A enfermeira respirou fundo. Depois disse-me:
- Nem imagina o bem que me faz escutar isso! Eu estava no serviço de obstetrícia quando engravidei e tive o meu bebé. Eu não só sabia tudo sobre amamentação, como ajudava as outras mulheres a amamentar. Por isso foi uma imensa vergonha para mim descobrir que não era capaz de amamentar o meu próprio filho... Sofri horrores! Quando desisti de tentar, senti-me tão, mas tão envergonhada! Parecia que falhava no mais importante, e percebi que ninguém ali me compreendia.

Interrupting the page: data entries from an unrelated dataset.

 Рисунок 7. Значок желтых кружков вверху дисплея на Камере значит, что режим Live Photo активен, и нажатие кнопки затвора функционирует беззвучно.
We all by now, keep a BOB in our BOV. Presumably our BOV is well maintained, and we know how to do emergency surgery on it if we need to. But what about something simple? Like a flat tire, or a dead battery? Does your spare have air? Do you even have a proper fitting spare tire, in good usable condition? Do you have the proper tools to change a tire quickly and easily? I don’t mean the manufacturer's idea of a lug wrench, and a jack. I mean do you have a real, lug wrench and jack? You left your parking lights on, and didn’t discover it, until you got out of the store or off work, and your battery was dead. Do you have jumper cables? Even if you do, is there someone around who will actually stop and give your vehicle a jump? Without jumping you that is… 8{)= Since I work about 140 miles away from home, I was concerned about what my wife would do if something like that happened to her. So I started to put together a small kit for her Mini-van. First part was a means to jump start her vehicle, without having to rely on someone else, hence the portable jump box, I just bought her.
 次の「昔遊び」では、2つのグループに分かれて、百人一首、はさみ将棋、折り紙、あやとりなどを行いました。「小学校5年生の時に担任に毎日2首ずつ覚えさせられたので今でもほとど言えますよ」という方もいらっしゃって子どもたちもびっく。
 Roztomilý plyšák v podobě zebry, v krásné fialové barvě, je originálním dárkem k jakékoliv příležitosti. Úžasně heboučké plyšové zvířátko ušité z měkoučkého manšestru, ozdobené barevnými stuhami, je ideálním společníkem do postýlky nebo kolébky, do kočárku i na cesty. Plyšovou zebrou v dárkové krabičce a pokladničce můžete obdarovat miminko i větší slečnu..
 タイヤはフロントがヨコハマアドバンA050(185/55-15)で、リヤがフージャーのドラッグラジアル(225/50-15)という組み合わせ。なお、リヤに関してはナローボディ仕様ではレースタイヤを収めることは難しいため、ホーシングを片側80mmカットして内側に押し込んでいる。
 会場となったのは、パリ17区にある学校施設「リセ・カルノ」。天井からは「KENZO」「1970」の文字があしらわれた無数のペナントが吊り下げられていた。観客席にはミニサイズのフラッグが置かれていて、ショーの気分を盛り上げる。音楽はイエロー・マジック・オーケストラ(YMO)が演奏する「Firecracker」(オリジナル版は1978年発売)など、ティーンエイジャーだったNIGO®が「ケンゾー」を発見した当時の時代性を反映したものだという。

Ficámos em silêncio durante uns breves instantes. Depois confidenciei-lhe:
- Nunca senti qualquer diferença, em termos de proximidade com o bebé, entre o ato de amamentar os meus filhos e o ato de lhes dar o biberão, acredita? Sempre fiz ambas as coisas com total concentração, com total amor, com os bebés bem juntinho a mim e sem cair na tentação de delegar esta doce tarefa a outros. O que alimenta um bebé é, acima de tudo, o amor, e esse não é, de todo, uma questão de biologia! Tentámos, esforçámo-nos, esquecemo-nos de nós para servir o nosso bebé - não conseguimos. Aceitámos o nosso fracasso de cabeça erguida, como um ato de amor, e isso é o que importa!
De regresso a casa, deparei com a cena do costume: os dois gatinhos bebés agarrados à mãe, mamando sofregamente... Parei a contemplá-los, como de costume também. Há poucas coisas mais bonitas na natureza que a visão de uma mãe a amamentar os filhos!
Enquanto os contemplava, relembrei a nossa conversa. Pensei na mãe de Santa Teresinha, em breve canonizada, que não conseguiu amamentar vários dos seus bebés, e na forma desprendida e prática como sempre contornou a situação, sem frustrações nem lamentações.
Depois lembrei-me então que também eu, quatro filhos atrás, já estivera do lado daqueles que acham facílimo dar o peito e vergonhoso dar um biberão... Foi a minha própria experiência de fracasso, de vergonha, de pobreza, que me tornou mais humana e mais humilde, capaz de entender as experiências de fracasso, de vergonha e de pobreza dos outros.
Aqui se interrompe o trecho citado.